An integer when divided by $5$ and $13$ leaves residues $4$ and $7$ respectively

Question

Find an integer when divided by $5$ and $13$ leaves residues $4$ and $7$ respectively. (Without Modular Arithmetic).
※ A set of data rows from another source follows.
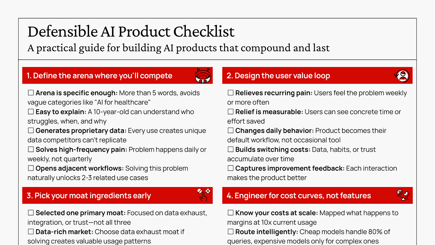 Too many leaders think of moats as something you add later once you scale. By then, it’s too late. In AI, you build your product with your desired moat in mind.
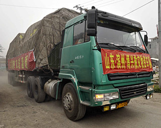 | 5月24日,來自山東濱州的車輛滿載救援物資抵達北川縣擂鼓鎮(zhèn)。新華社記者
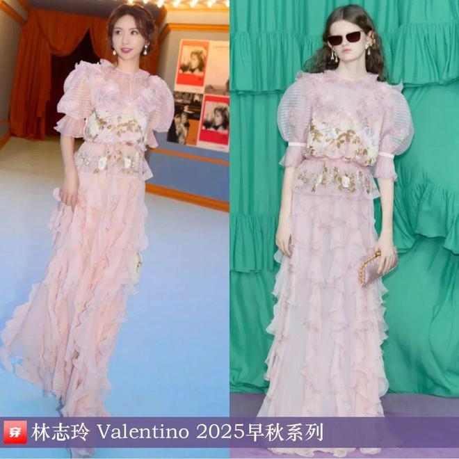 林志玲,第15届北京国际电影节“注目未来”单元荣誉典礼。裸粉色宝石装饰皱褶花边连衣裙:Valentino 2025早秋系列。
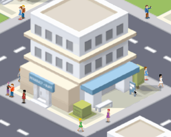 However, when it came to sorting pedestrian sprites that walk around buildings, I had to recalculate the z-depth for both buildings and pedestrians on every update so that pedestrians would appear in front and behind each building appropriately. This meant recalculating structures and pedestrians on each update(), and I could no longer cache structures as a single bitmap.
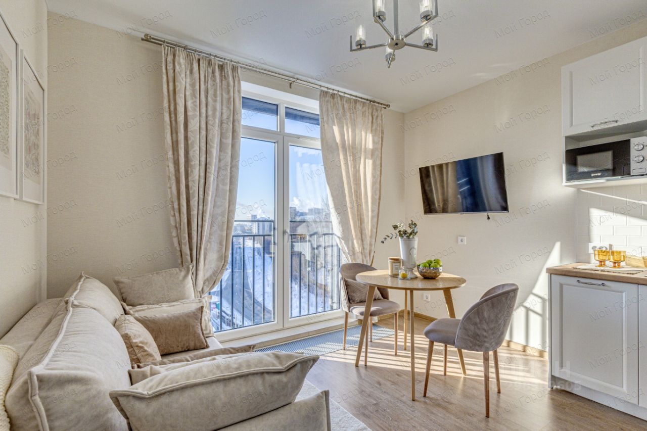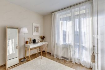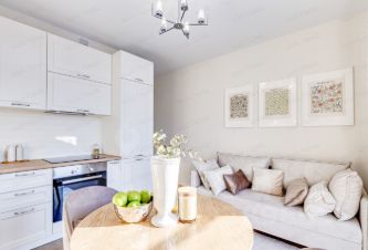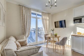 Полностью укомплектована всей необходимой для Вашего комфортного проживания мебелью (2-х спальная кровать с ортопедическим матрасом, вместительный шкаф для одежды, рабочее место - стол) и бытовой техникой (варочная панель, духовой шкаф, холодильник, вытяжка, СВЧ, встроенная посудомоечная машина, стиральная машина-автомат, ТВ), диван в кухне-гостиной раскладывается и может быть использован в качестве дополнительного (резервного) спального места.
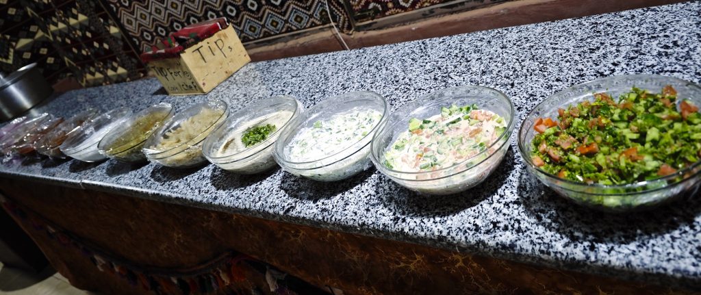 But the dinner counter was also spread out with other staples like lentil soup, labneh, olives, flatbread , a variety of salads and spreads, and of course sweet Bedouin tea.

I don't know if it is right, but I got this $$n=5x+4=13y+7$$

$$n=5(x-11)+59=13(y-4)+59$$ The $\operatorname{lcd}(5,13)=65$

So our number is every number like $n=65k+59$

I'll be glad if you enlighten me it.

Answer 1

${\bf Brute\ force}:\ \ 5\,\Bbb Z+\color{green}4 = \{\ldots, \color{#c00}{-6},-1,\color{green}4,9,13,\ldots\}$

$\qquad\qquad\qquad\ \ 13\Bbb Z+\color{orange}7 = \{\ldots, \color{#c00}{-6},\color{orange}7,20,\ldots\}\,\ $ so $\,\ n\equiv \color{#c00}{-6}\pmod{65 = \rm{lcm}(5,13)}\ $

$\bf Algorithmically,$ using CRT

$\quad\,\ {\rm mod}\ 5\!:\,\ n \equiv 4\equiv 7\!+\!13y \equiv 2\!-\!2y\iff 2\equiv -2y\iff \color{#0a0}{y\equiv -1}$

$\quad$ so its true iff $\ n = 7\!+\!13y = 7 \!+\! 13(\color{#0a0}{-1\!+\!5k}) = -6+65k,\ k\in\Bbb Z$

Answer 2

$5x - 13y = 7-4 = 3 \Rightarrow 5x = 15y + 3 - 2y \Rightarrow x = 3y + \dfrac{3-2y}{5} \Rightarrow 5\mid 3-2y \Rightarrow 3-2y = 5k \Rightarrow y = \dfrac{3-5k}{2} = \dfrac{3-k}{2} - 2k \Rightarrow 2\mid 3-k \Rightarrow 3-k = 2h \Rightarrow k = 3-2h \Rightarrow 3 - 5k = 3 - 5(3-2h) = -12 + 10h \Rightarrow y = \dfrac{3-5k}{2} = \dfrac{-12+10h}{2} = 5h-6 \Rightarrow n = 13y+7 = 13(5h-6)+7 = 65h-71 = 65(h-1) - 6 = 65t-6 = 65(t-1) + 59=65m+59, m \in \mathbb{Z}$

Answer 3

Hint: Use inspection :   $5x = 13 y + 3 \\ 13(1) + 3 = 16 \\ 13(2) + 3 = 29 \\ 13(3) + 3 = 42 \\ 13(4) + 3 = 5(11) \quad\checkmark \\ \therefore \forall k\in\mathbb Z: 5 (11+13k) = 13(4+5k) +3 \\[2ex] {\forall k\in\Bbb Z, \exists n\in\Bbb Z: \underline{\quad n = 59 + 65 k\quad}} $

Answer 4

Note that $13\times 2=26\equiv 1 \mod 5$

and $5\times 8=40\equiv 1 \mod 13$

So that $26x+40y \equiv x \mod 5; \equiv y \mod 13$ so we can put $x=4, y=7$ to obtain $104+280=384$ as one solution. We can obtain other solutions by adjusting by a multiple of $65$ - $390$ is obvious giving $-6$ and then $59$ by adding $65$.

The merit of this method, which relates closely to the Chinese Remainder Theorem (and Lagrange Interpolation for polynomials) is that it provides an automatic solution whatever values of $x$ and $y$ are given.

Answer 5

The question asks for any such integer, so note that $2\cdot13-5\cdot5=1$, now $13$ divides $1+5\cdot5$ and $5$ divides $1-2\cdot3$, so $$4(1+5\cdot5)+7(1-2\cdot13)=4\cdot26-7\cdot25=-71$$ is an example of such integer.